I found a copy of Brave Fencer Musashi for PlayStation 1, sealed at a local book store. After trading in some old books and CDs, and using a coupon, I bought it for $30. I sold it for $200. I netted $135 in profit. The deals are out there, sometimes it does boil down to luck.
The point from these three stories: always keep your eyes peeled for a deal. If you’re patient, you’ll find a great treasure that can net you some cash!
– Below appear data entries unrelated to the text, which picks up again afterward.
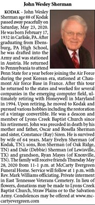 KODAK - John Wesley Sherman age 88 of Kodak passed away peacefully on Saturday, May 23, 2020. He was born February 17, 1932 in Carlisle, PA. After graduating from Ebensburg, PA High School, he was dra...
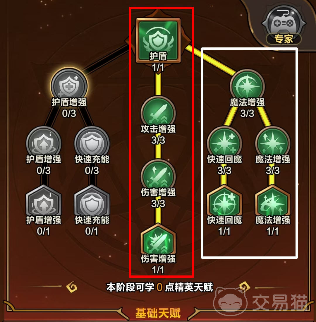 【专家操作】为独立激活型天赋,不占用常规天赋点,启用后可获得最终伤害 25%、最终受到伤害 50%的效果。该天赋对操作精度与走位意识要求较高,建议前期暂不启用;待角色成型、技能循环熟练度提升后,再视战局需求开启。冲击高难度副本或竞技排行榜时,此天赋为关键输出增幅节点,必须启用。
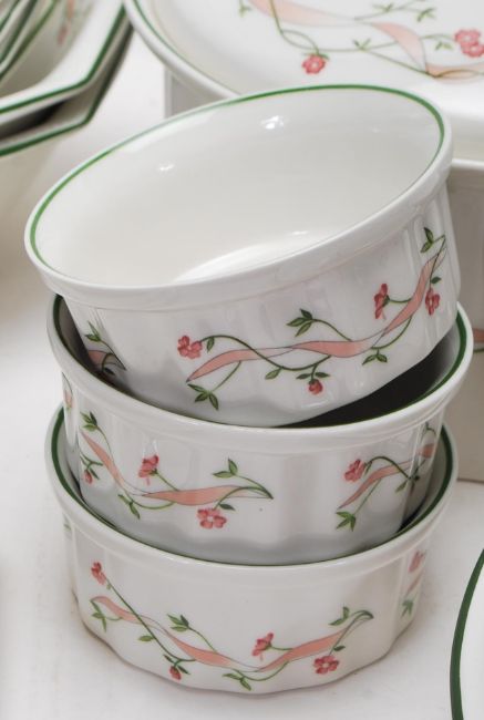 A large Johnson Bros Eternal Beau dining service / tea service comprising of six bowls, six cups and saucers, six tea plates, milk jugs, sugar bowl, lidded tureen, oval meat platers, etc.
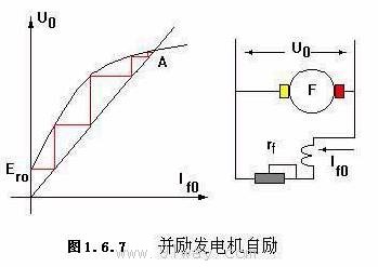 因為空載特性表明的是直流電機磁路特性 所以對于并勵和復勵發電機空載特性也以他勵方式測取 2.并勵和復勵直流發電機空載電壓的建立 1)空載電壓的建立 對于勵磁繞組的端電壓Uf和勵磁電流Ir 若從電機磁路關系上考慮要滿足空載特性, 即U0=f(If0) 而從電路關系上觀察,必須遵循伏安特性, 即Uf=rf*If0 由此可見,U0、If0必須同時滿足(1-81)和(1-82)

Keep it reasonable. Keep your dignity.
Don’t rip off the folks hosting the yard sale. If someone’s got something particularly valuable and it’s priced pretty low, let them know what they have. Be honest about it. Buy the whole lot (if there is one). Offer a few extra dollars if they change their price. Make it so that the seller and you, the buyer, gets a fair deal. Buying things at yard sales and moving sales helps clear space in someone’s house, so be polite, fair, and move along. Bottom line, be respectful about it all.
Manage your time well. If you’re always on the hunt, it’s more likely you’ll burn out or feel compelled to make an impulsive, costly purchase. Watch out for decision fatigue. If you’re spending every single weekend hunting, you’re burning time, money, and energy. Can it take away some of your enjoyment? I think so. So, when I run errands, I relax, suspend my expectations and enjoy the random drop-in to my local store. I’ve been more surprised and grateful over what pops up along the way. That, and making time to play what I already have.
If I had to share a final thought, stick to your budget. I’ve felt the urge to splurge after netting some deals, but fight that impulse. Thanks for reading. Do you have any tips and tricks to your hobby-related purchases? I’d love to hear what works for you.